Terça-feira, 23 de Julho de 2019

AMÁLIA E A LENDA - Faria hoje 99 anos

 

Amália e Marceneiro

(Lendas do Fado)

            No nosso tempo, Amália e a sua bonita lenda, constituem o motivo mais grato ao coração sentimental dos portugueses.

            Uma menina,  num bairro popular de Lisboa, frágil como haste duma flor, gorjeia timbres, qual ave de penas. Como esta também, quando as possui, saem-lhe da garganta adolescente os amargores que lhe possam ir no peito.

                        — Se tiveres tanto jeito para as letras como para as cantigas...

                        Era o que a avó lhe dizia.
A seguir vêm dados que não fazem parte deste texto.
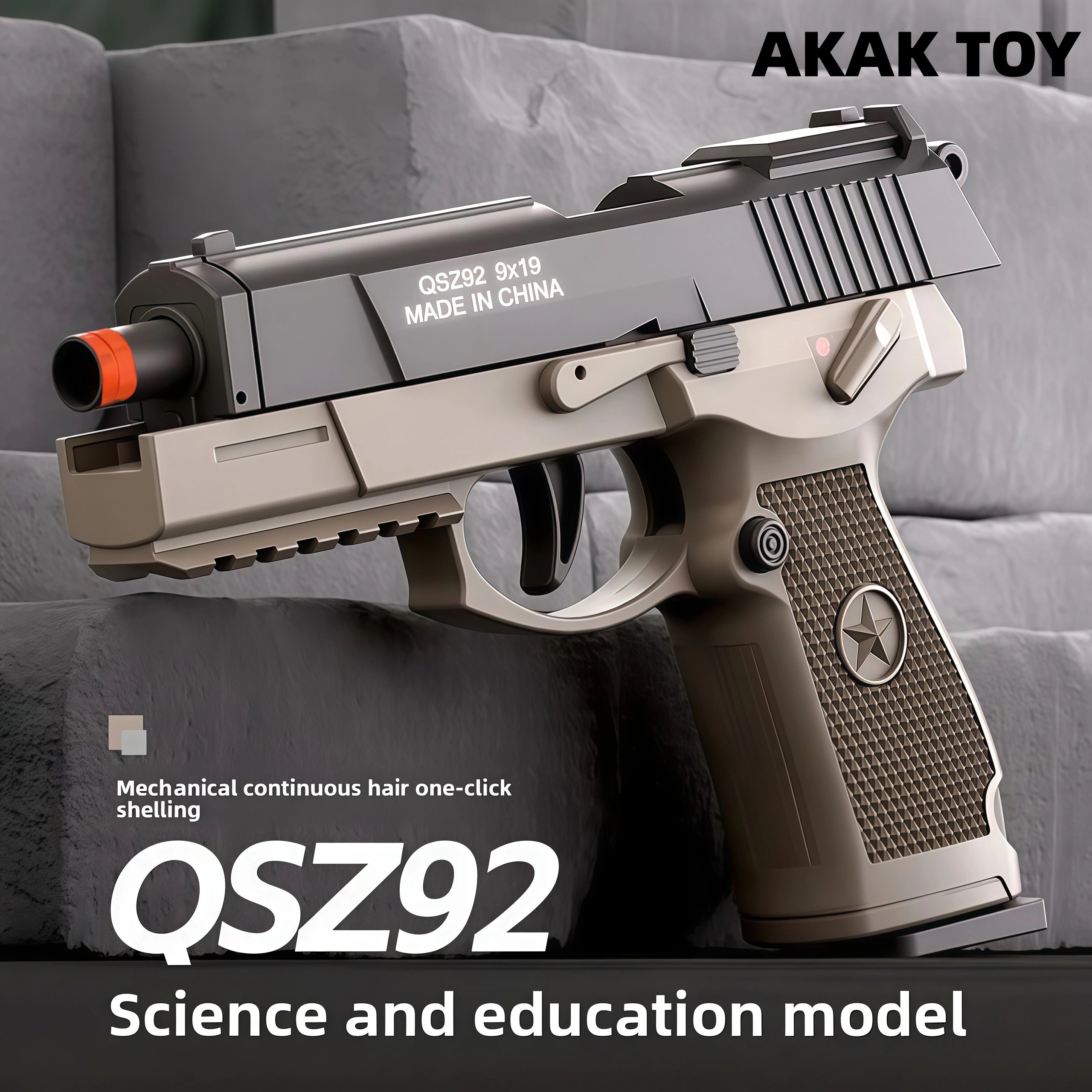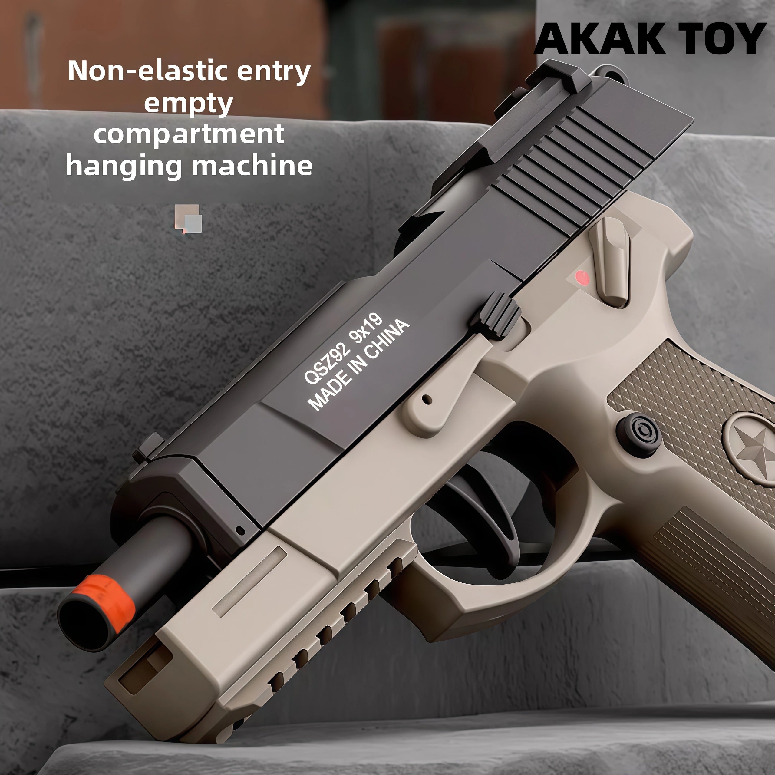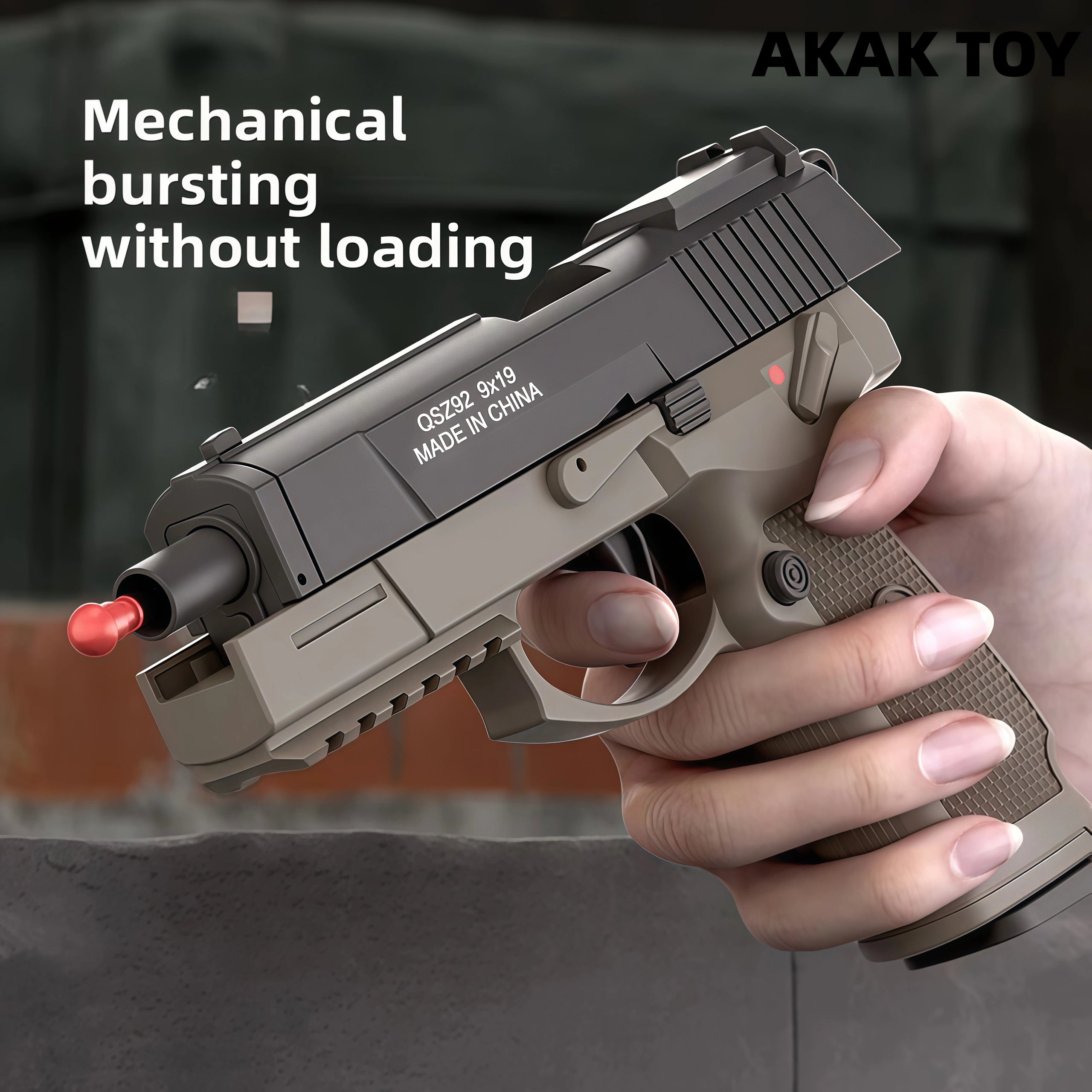 Mechanical burst fire: No need to reload the chamber, just pull the trigger to fire. One-touch ejection: Just pull the trigger to eject. Empty chamber lock: Enters empty chamber lock mode when the magazine is empty. Down-feed clip: Smooth feeding without jamming, holds 6 bullets. Long-range shooting: Up to 15 meters for precise targeting. Equipped with a tactical rail for easy assembly with various accessories. Features:1. Removable accessories, down-feed clip, empty chamber lock2. Shooting mode: Manual3. Range: 10-15 meters4. Dimensions: 19*4*14cm Packing List:1*QSZ92 Dart Gun1* Magazine1* Infrared Sight1* Red Dot Sight6* Shells20* Bullets

Morreu com 94 anos, e viu que a neta se inclinava mais para as trovas.

                        Ladina e gárrula entrou na escola cedo e saiu cedo. Só o preciso para decifrar os versos das cantigas.

                        Amália é um nome de raiz amorosa.

 

«Amália, sem amor

Não rima...»

 

                        O Tejo glauco e lírico caminha para o mar na sua eterna corrente elegíaca. A cidade é um presépio emaranhado. Manje­ricos e cravos de papel! O pardalito das ruas do seu bairro começa a cantar para os outros e os outros ouvem-na deslum­brados e alguns olhos choram.
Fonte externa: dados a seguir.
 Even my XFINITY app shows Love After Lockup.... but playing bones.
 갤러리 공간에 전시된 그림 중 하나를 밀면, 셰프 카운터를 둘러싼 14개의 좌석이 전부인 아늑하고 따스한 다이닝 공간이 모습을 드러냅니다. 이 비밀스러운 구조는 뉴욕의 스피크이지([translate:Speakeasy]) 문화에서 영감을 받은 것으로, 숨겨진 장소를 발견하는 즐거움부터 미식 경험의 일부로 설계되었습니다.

                        — Há uma pequena do bairro de Alcantara...

                        De boca em boca, foi assim que a fama começou a correr. Depois...
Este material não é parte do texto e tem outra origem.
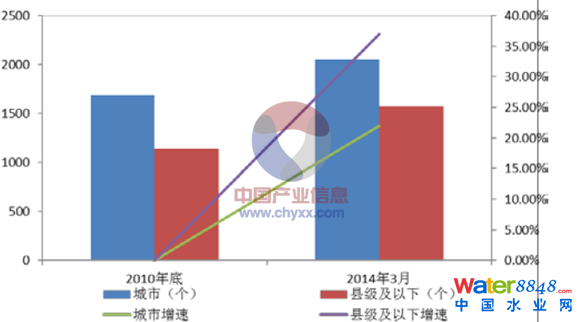從目前污水處理規(guī)模和污水處理率來看,截止2014年3月,在設(shè)市城市中,累計建成污水處理廠2051座,形成處理能力1.26億立方米/日。在縣級及以下鄉(xiāng)鎮(zhèn),累計建成污水處理廠1571座,形成處理能力2758萬立方米/日?梢钥闯鋈珖髦饕痪城市和地級市的污水處理規(guī)模較大、污水處理率較高,未來不會有太多的大型污水處理廠(10萬噸/日以上)的新建需求,而縣城的污水處理廠數(shù)量和處理能力仍然較低,并且更多的是中小型污水處理廠,所以未來在縣級、鎮(zhèn)和鄉(xiāng)等行政單位將會有污水處理廠的新建需求,污水處理的總體規(guī)模仍然有進(jìn)一步提升的空間。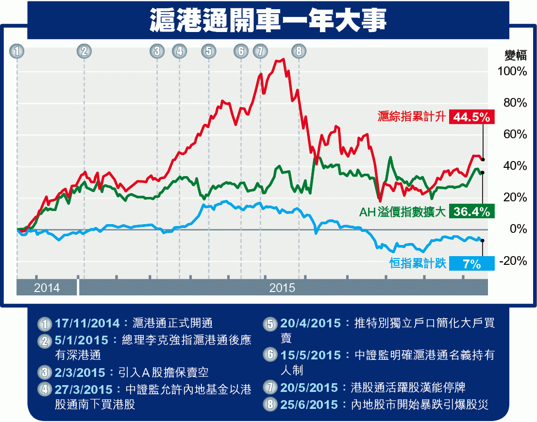 滬港通去年11月17日通車後,明日即滿一周歲,但一直低迷的參與度,自股災後更見冷淡,餘額不跌反升。歸納中港兩地投資者意見,熱情不如預期可歸咎於技術限制未解決、兩地炒風大不同及股災令資金窒步三致命傷。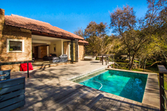 Das Barbet Studio ist ein offenes Studio-Apartment für zwei Gäste. Das Studio ist aus Ziegelsteinen gebaut und verfügt über große Schiebetüren und Fenster, die getrennt voneinander inmitten des natürlichen Busches liegen. Jedes ist von einer spektakulären Aussicht umgeben. Draußen gibt es eine Terrasse mit Grillmöglichkeiten. Es gibt einen Swimmingpool mit Lapa-Bereich in einer wunderschönen

                        Depois foram as primeiras cantigas públicas. Amália está numa casa entre a-terra-e-o-mar, mas nasceu na Mouraria, junto ao Benformoso, ao pé da Calçada de Santana.

                        Quando tomou parte num concurso da Primavera, organi­zado por um jornal de Fado como o nosso, todas as concorren­tes desistiam  ao ouvi-la. Foi-lhe pedido para que ela abandonasse a competição. Era o primeiro degrau para o seu trono de rainha.

            Nunca mais Lisboa deixou de ouvir os ais das suas cantigas nostálgicas e misteriosas. De retiro em retiro, chega ao teatro, à rádio e ao cinema. Todas as mesas se povoam; as lotações dos espectáculos esgotam-se e as emissões de rádio obtêm o maior sucesso. Duma vez foi ao Porto e veio de lá com o cognome de «Princesinha do Fado». Depois ao Brasil e, na chegada do avião, estavam os produtores à sua espera para assinar contractos dum filme que esgotaria as bilheteiras meses e meses seguidos. As suas canções e os seus fados postos em disco ou película, dão a volta ao Mundo inteiro. Portugal, para se fazer representar numa par­ada artística internacional, envia-a como embaixatriz das nossas cantigas. Madrid, Paris, Roma, Londres, Berlim, Estocolmo — todas as capitais da Europa a aplaudem e a conhecem.

                        Que fluido ou que sortilégio possui a voz de Amália Rodri­gues? Que amplidão sentimental e que força de sedução é capaz de arrastar consigo pobres e ricos, nobres e plebeus, desgraçados ofendidos, tristes e desesperados ou desconsolados?

                        Gentes de todos os matizes e povoados de todas as lingua­gens  a entendem. Ninguém explica mas todos atestam. Ela mesmo não sabe. Canta como os pássaros trinam, como o vento soa ou como a chuva chora. É a linguagem dos eleitos — a graça.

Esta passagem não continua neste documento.